L’existence de personnes humaines ayant des profils humains divergents, c’est le gage de la survie de l’espèce

N’est-on pas en train de réaliser que la société peut continuer à tourner sans devoir pratiquer ce que vous appelez  » le cirque social  » ?

Bien sûr. C’est une redécouverte d’autres formes de bonheur. Le bonheur est-il nécessairement à trouver dans un grand magasin ? Est-ce que, dès que le travail s’arrête, on n’a comme unique horizon que le centre commercial ? Ou alors est-ce qu’on peut imaginer autre chose ? Ce sont des questions existentielles qui peuvent paraître difficiles, douloureuses, au début.

Mais après 1989, quand l’environnement est devenu plus consumériste, les bibliothèques se sont vidées et ont fermé.

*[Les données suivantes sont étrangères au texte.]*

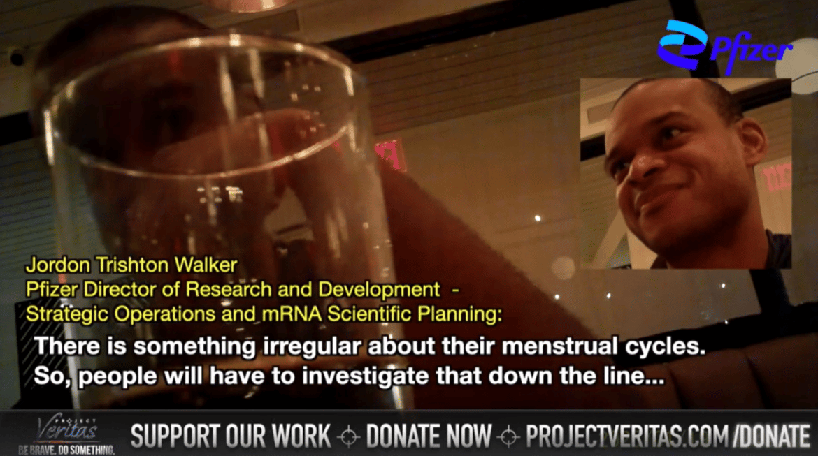 On Thursday, Project Veritas (PV) released undercover video of Pfizer Director Jordan Trishton Walker sharing his concern about women’s reproductive health after getting the Covid vaccine.

Mais je pense qu’elles peuvent avoir un effet bénéfique à moyen et long terme. Une comparaison un peu bancale pourrait être la suivante : durant l’ère communiste, les bibliothèques étaient pleines, en URSS. Pleines à craquer, les gens lisaient nuit et jour. Le summum, c’était les livres venus d’Occident – certes, censurés, mais bon -, tout le monde voulait les avoir lus. Le despote albanais Enver Hoxha avait même garanti un canal d’approvisionnement de livres occidentaux. L’Albanie était coupée du monde, et lui jugeait vital non pas l’accès aux produits de luxe, mais aux produits occidentaux. Mais après 1989, quand l’environnement est devenu plus consumériste, les bibliothèques se sont vidées et ont fermé. Alors, est-ce qu’un changement de cadre peut inciter les gens à repenser leur projet de bonheur ? La question est ouverte, je ne connais pas l’avenir, je ne fais que quelques vagues hypothèses.